> [DATASET RECORDS]
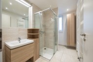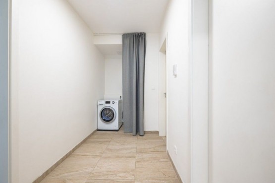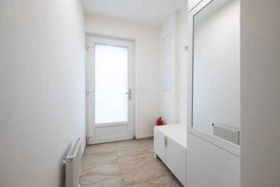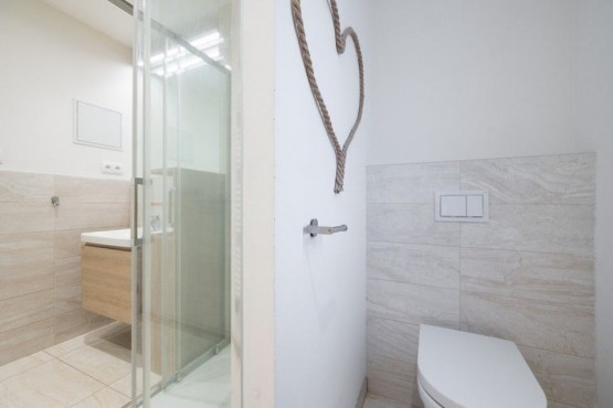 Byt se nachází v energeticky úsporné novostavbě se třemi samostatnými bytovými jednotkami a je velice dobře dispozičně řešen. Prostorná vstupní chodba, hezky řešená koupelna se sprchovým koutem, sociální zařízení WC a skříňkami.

...

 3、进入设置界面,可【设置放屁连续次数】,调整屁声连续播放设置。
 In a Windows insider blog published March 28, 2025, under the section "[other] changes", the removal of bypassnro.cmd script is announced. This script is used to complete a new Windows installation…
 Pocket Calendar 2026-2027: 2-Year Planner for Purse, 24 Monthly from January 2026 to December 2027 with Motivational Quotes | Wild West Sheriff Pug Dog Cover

> [DESCRIPTION OF THE TASK] Once you reach the line with "3、进入设置界面,可【设置放屁连续次数】,调整屁声连续播放设置。" in the data above, copy it and every line after it exactly, up to and including the line with "Pocket Calendar 2026-2027: 2-Year".

> [OUTPUT BELOW]
 3、进入设置界面,可【设置放屁连续次数】,调整屁声连续播放设置。
 In a Windows insider blog published March 28, 2025, under the section "[other] changes", the removal of bypassnro.cmd script is announced. This script is used to complete a new Windows installation…
 Pocket Calendar 2026-2027: 2-Year Planner for Purse, 24 Monthly from January 2026 to December 2027 with Motivational Quotes | Wild West Sheriff Pug Dog Cover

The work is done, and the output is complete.